Repeat every entry word for word, but leave the images out of your copy.

Segment Open

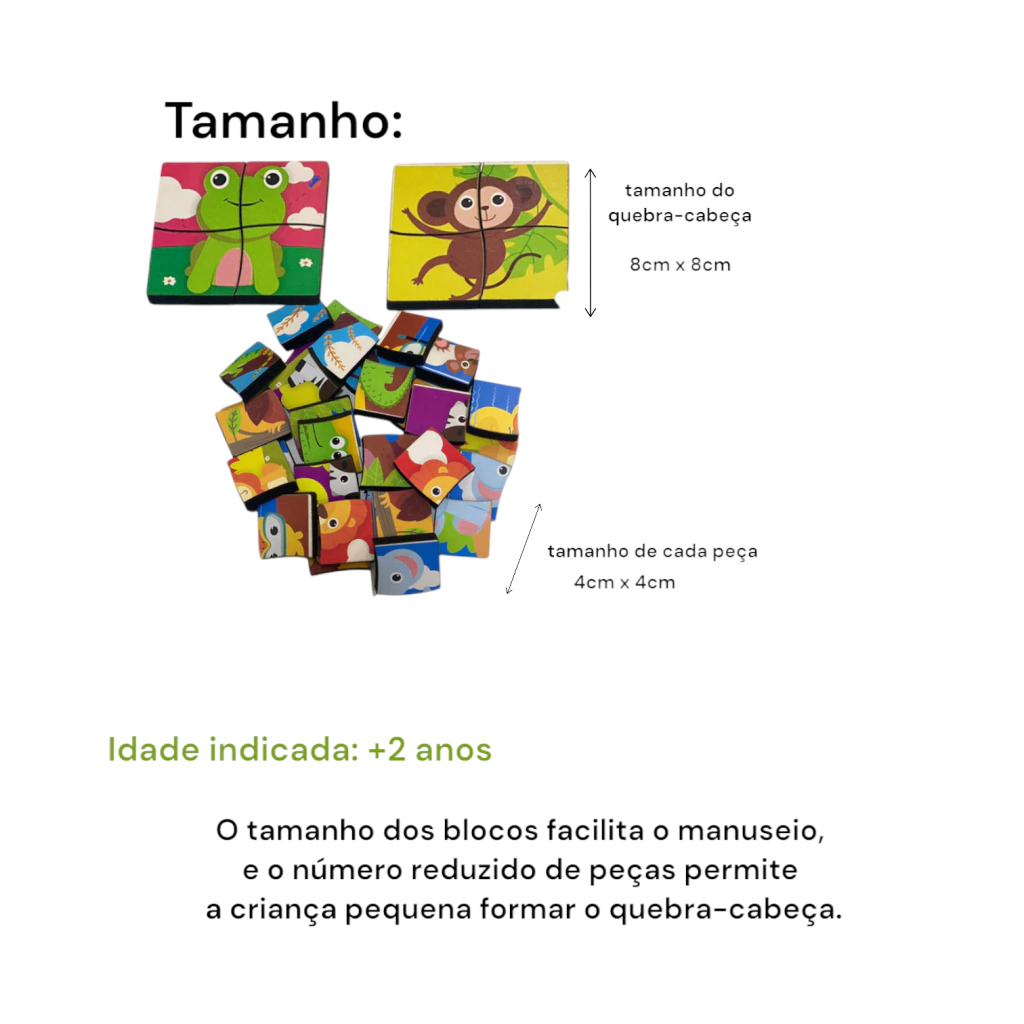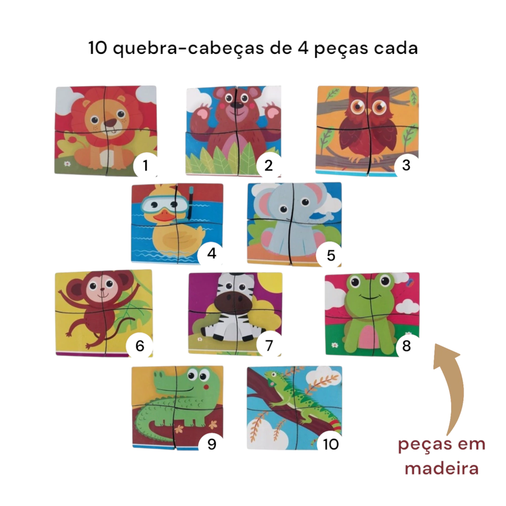 São 40 blocos de madeira que formam 10 animais de 4 peças cada, permitindo desde cedo o envolvimento da criança com elementos lúdicos que estimulam sua imaginação. Desenvolve a atenção, a discriminação visual, o pensamento lógico e a relação do todo com suas partes, tornando-se um desafio que leva a criança à busca de soluções.
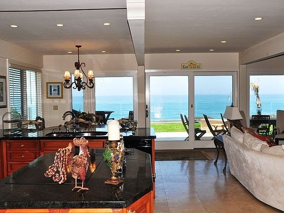 Newly Rebuilt In 2006 - Direct Ocean Front With 40 Feet of Frontage. Rarely Lived In And Elegantly Finished With A Sweeping Staircase, Travertine Floors, Crown Moldings, Cherry Wood Cabinets In The Kitchen, And A Marble Master Bath. The Master Bedroom Enjoys A Kitchenette And A Very Expansive Patio. The Kitchen Is Highly Upgraded With A Walk In Pantry And Large Breakfast Nook Overlooking The Pacific. The Kit, Nook, Fr, Mbr And Dr All Have Fabulous Ocean Views. Exercise Pool/Spa With Two Waterfalls.
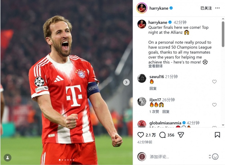 凱恩社媒曬出慶祝進(jìn)球的照片,配文:“四分之一決賽,我們來了!安聯(lián)球場(chǎng)的精彩夜晚!”
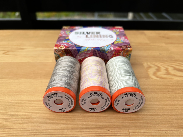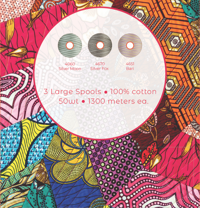 Set of 3 Large Aurifil Spools from the Tailor Made Collection. These are cotton threads in the colours: 4060 - 4670 - 4651. Perfect to sew fabrics with large colourful prints. The variegated colours will blend in easily.
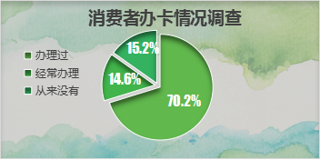 线上参与者中,70.2%的消费者办理过,14.6%的消费者经常办理,15.2%的消费者从来没有,近85%的消费者办理过预付式卡。

Segment Closed

### REPLY
 São 40 blocos de madeira que formam 10 animais de 4 peças cada, permitindo desde cedo o envolvimento da criança com elementos lúdicos que estimulam sua imaginação. Desenvolve a atenção, a discriminação visual, o pensamento lógico e a relação do todo com suas partes, tornando-se um desafio que leva a criança à busca de soluções.
 Newly Rebuilt In 2006 - Direct Ocean Front With 40 Feet of Frontage. Rarely Lived In And Elegantly Finished With A Sweeping Staircase, Travertine Floors, Crown Moldings, Cherry Wood Cabinets In The Kitchen, And A Marble Master Bath. The Master Bedroom Enjoys A Kitchenette And A Very Expansive Patio. The Kitchen Is Highly Upgraded With A Walk In Pantry And Large Breakfast Nook Overlooking The Pacific. The Kit, Nook, Fr, Mbr And Dr All Have Fabulous Ocean Views. Exercise Pool/Spa With Two Waterfalls.
 凱恩社媒曬出慶祝進(jìn)球的照片,配文:“四分之一決賽,我們來了!安聯(lián)球場(chǎng)的精彩夜晚!”
 Set of 3 Large Aurifil Spools from the Tailor Made Collection. These are cotton threads in the colours: 4060 - 4670 - 4651. Perfect to sew fabrics with large colourful prints. The variegated colours will blend in easily.
 线上参与者中,70.2%的消费者办理过,14.6%的消费者经常办理,15.2%的消费者从来没有,近85%的消费者办理过预付式卡。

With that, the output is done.